> **Problem requirements**
Output each line of the listing exactly, though pictures are not to appear.

> **Supplied information**

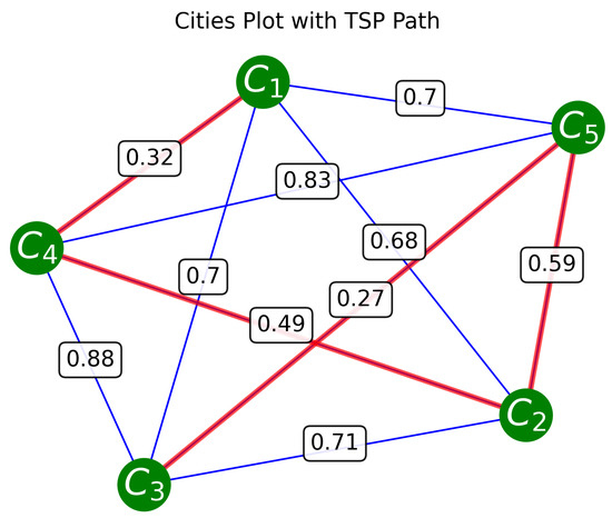 For a test case we consider the random selected graph shown in Figure 6. We create this graph from random symmetric matrices. The matrix elements are generated from the uniform distribution between 0 and 1. The matrices are then symmetrized. The Python package NetworkX 3.5 is used to translate these random matrices into graphs. This randomly selected graph has the shortest route of length 1.66, following the path shown in red. This shortest route is found using brute force by looping over all routes and finding the one with the shortest length. The quantum algorithm described above is applied to this graph.
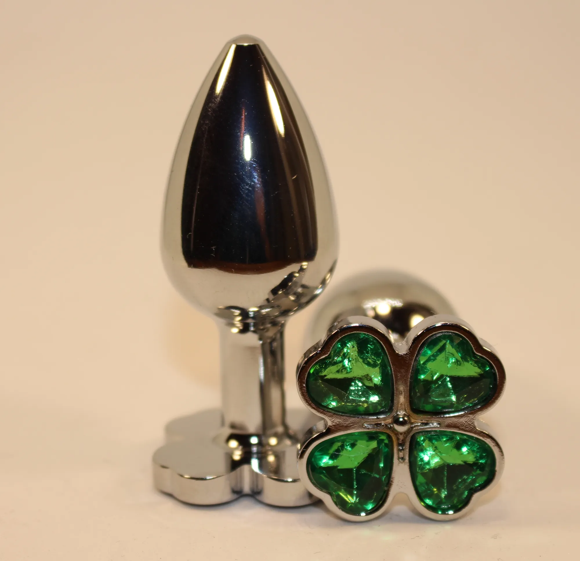 Пробка анальная металл 7,5х2,8см с сердечком зеленый страз 47439-6MM
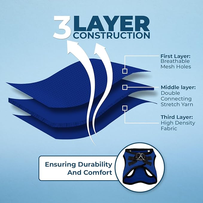 • ALL WEATHER MESH: Made with a soft, breathable air mesh, this lightweight pet harness is perfect for walks all year round.
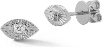 A single round diamond radiates shine from the center of these fluted evil eye stud earrings set in icy 14-karat white gold.

> **Answer section**
 For a test case we consider the random selected graph shown in Figure 6. We create this graph from random symmetric matrices. The matrix elements are generated from the uniform distribution between 0 and 1. The matrices are then symmetrized. The Python package NetworkX 3.5 is used to translate these random matrices into graphs. This randomly selected graph has the shortest route of length 1.66, following the path shown in red. This shortest route is found using brute force by looping over all routes and finding the one with the shortest length. The quantum algorithm described above is applied to this graph.
 Пробка анальная металл 7,5х2,8см с сердечком зеленый страз 47439-6MM
 • ALL WEATHER MESH: Made with a soft, breathable air mesh, this lightweight pet harness is perfect for walks all year round.
 A single round diamond radiates shine from the center of these fluted evil eye stud earrings set in icy 14-karat white gold.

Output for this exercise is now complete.